[Seminar] Recent advances in Google speech recognition systems
■호스트: 김건희 교수 (x7300,880-7300)
■문의: Vision and Learning Lab. (02-880-7289)
In this talk, we will discuss recent advances in speech recognition techniques using neural networks and very large training sets. First, we will give an overview of recent acoustic model training techniques such as Cross Entropy (CE) training, Connectionist Temporal Classification (CTC), various discriminative sequence training such as state-level Minimum Bayes Risk (sMBR). We also describe how to model the acoustic feature distribution using Feed-Forward Deep Neural Networks (FF-DNNs), Long Short-Term Memories (LSTMs). We will discuss simulated data generation and semi-supervised training. We usually do not have enough data for new speech recognition domains. To solve this problem, we create large-scale acoustically simulated databases from existing data. For very large training sets, labeling has been always a very time-consuming and difficult problem. We discuss semi-supervised training techniques to generate labels for such cases. Finally, we will look into end-to-end neural recognizer combining the Acoustic Modeling (AM), the Language Modeling (LM), and the Pronunciation Model (PM) as a single end-to-end system. We describe the attention-model based approaches, the CTC-based approaches, and the Recursive Neural Network (RNN) transducer techniques, and compare their performances.

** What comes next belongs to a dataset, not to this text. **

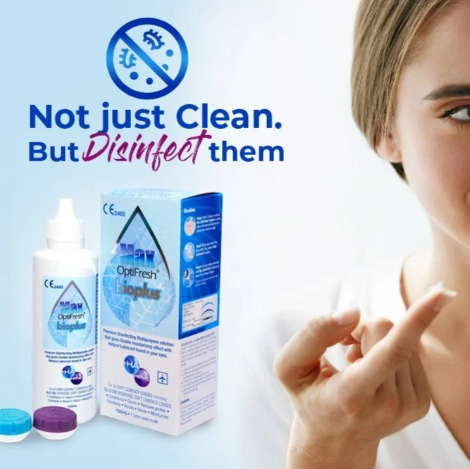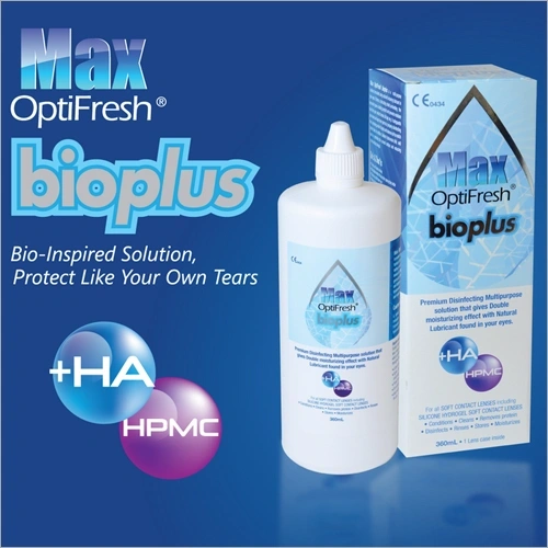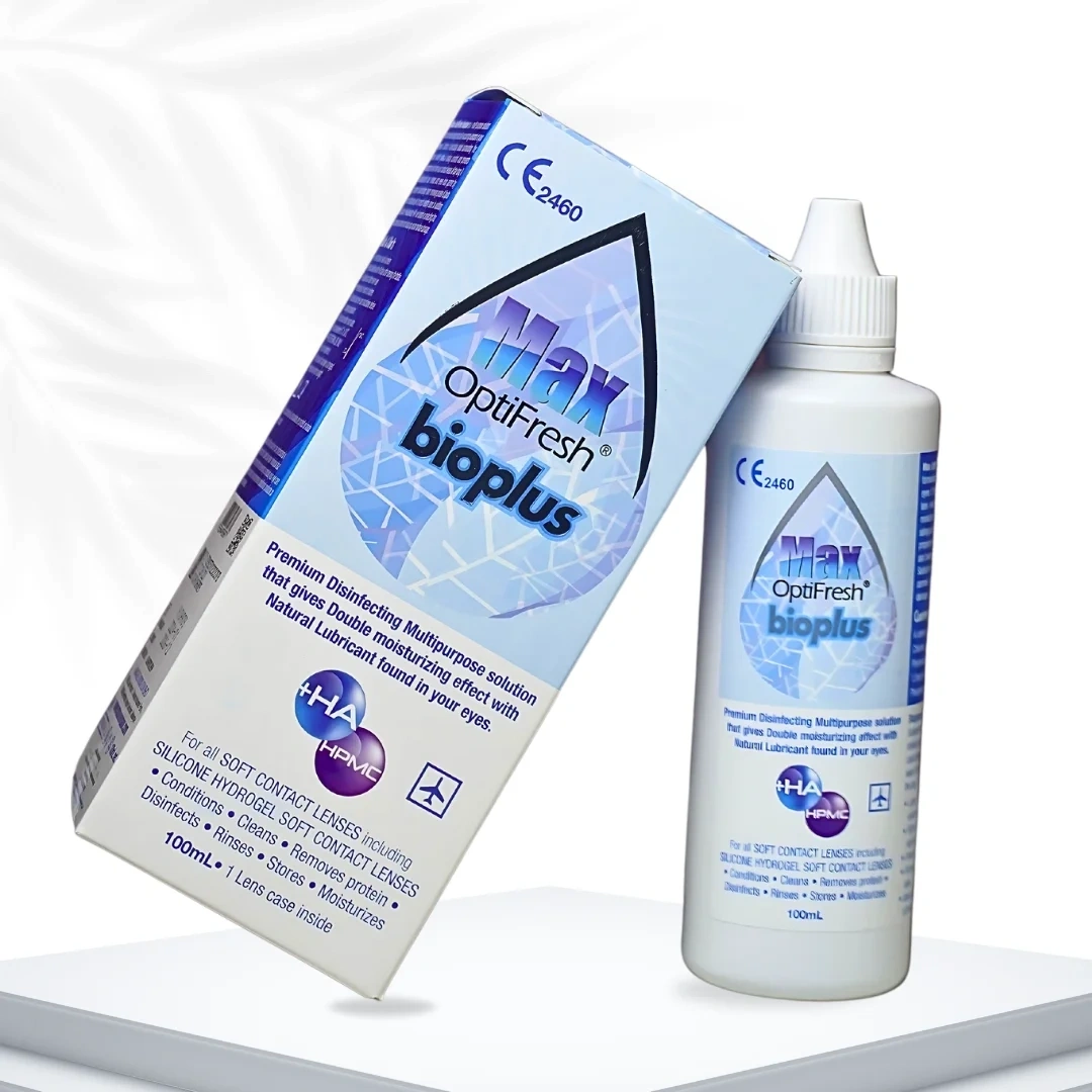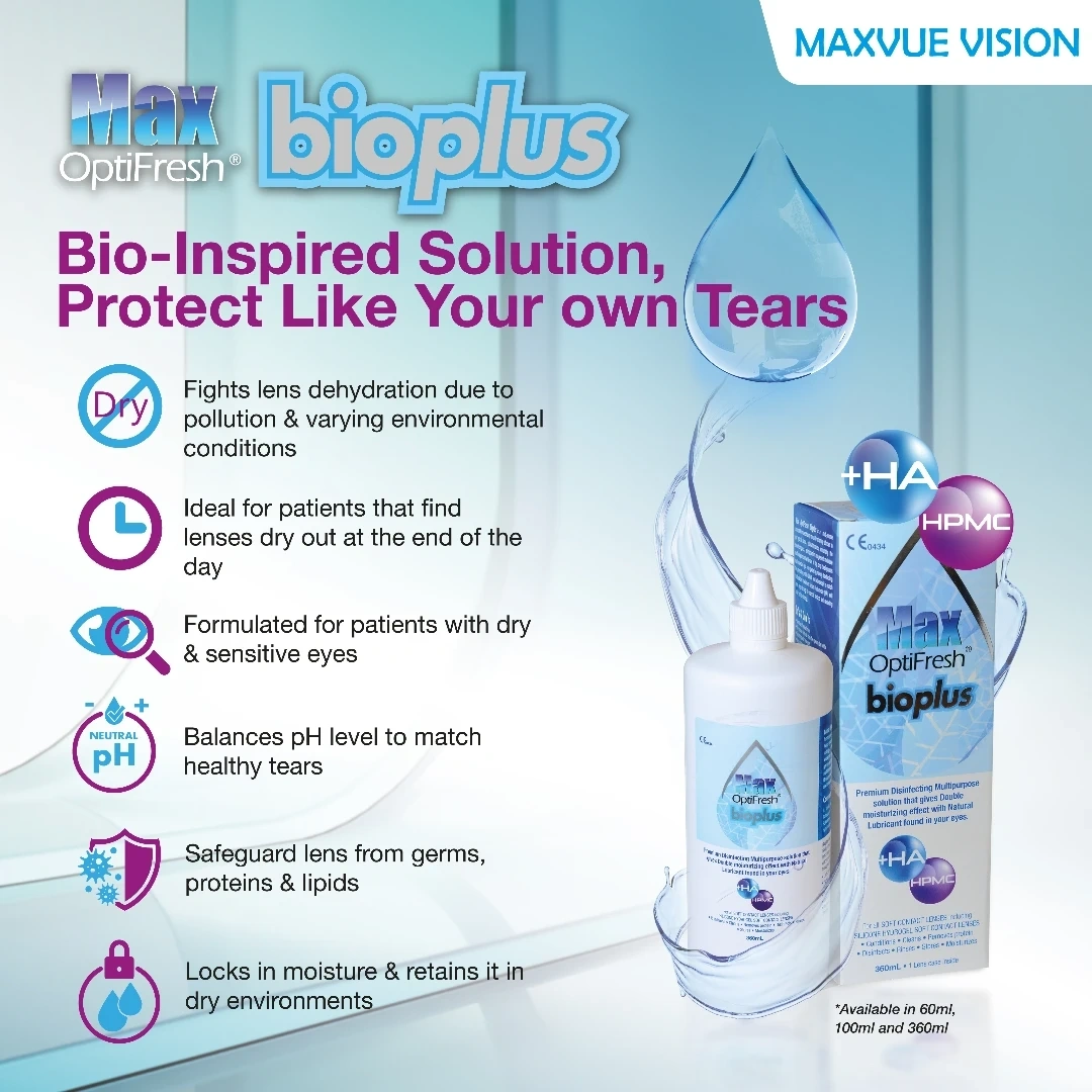 Max OptiFresh® bioplus™ is a multi-purpose solution formulated using naturally occurring lubricant in your eyes. It forms a lubricating shield surrounding the lens which gives a lasting comfort and prevents moisture loss from your contact lenses all day long. It safeguards your lenses and eyes from germs by properly disinfecting them, removing protein & lipids and balances pH to match healthy tears. In addition, Sodium Hyaluronate (HA) will assist in protecting the corneal surface and reducing ocular surface damage.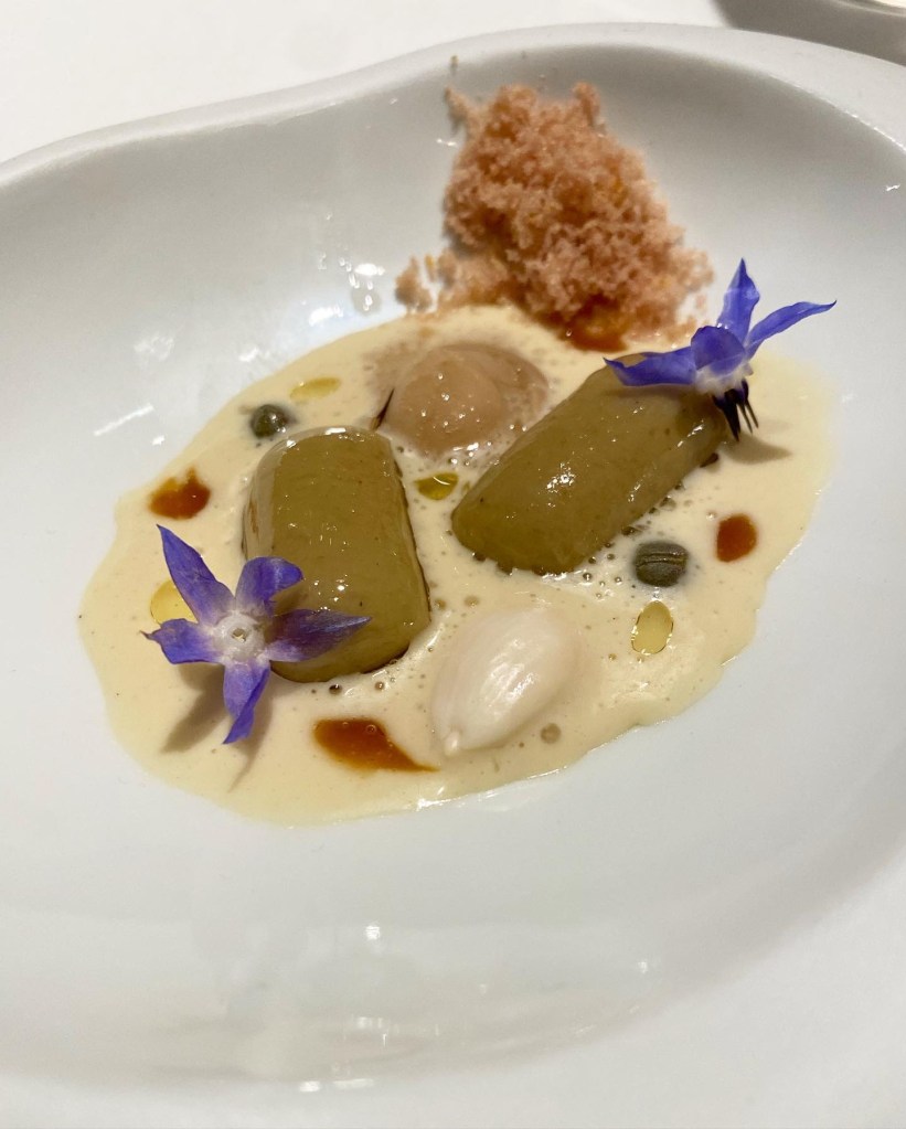 El mismo amor vegetal reluce en su delicada receta de calamares. Allí reinan los boletus -que se convierten en sabayon de mantequilla de “porcini”– y se perfuman con hinojo. Siempre lo digo,, pero como me encanta el hinojo aplaudo lo mucho que lo usan los franceses.

Chanwoo Kim has been a senior software engineer at Google, Inc. since 2013. He has been working for acoustic modeling for google speech recognition systems including Google Home and enhancing noise robustness using deep learning techniques. He was a speech scientist at Microsoft from 2011 to 2013. Dr. Kim received a Ph.D. from the Language Technologies Institute of School of Computer Science Carnegie Mellon University in 2010. He received his B.S and M.S. degrees in Electrical Engineering from Seoul National University in 1998 and 2001, respectively. Dr. Kim’s doctoral research was focused on enhancing the robustness of automatic speech recognition systems in noisy environments. Between 2003 and 2005 Dr. Kim was a Senior Research Engineer at LG Electronics, where he worked primarily on embedded signal processing and protocol stacks for multimedia systems. Prior to his employment at LG, he worked for EdumediaTek and SK Teletech as a R&D engineer.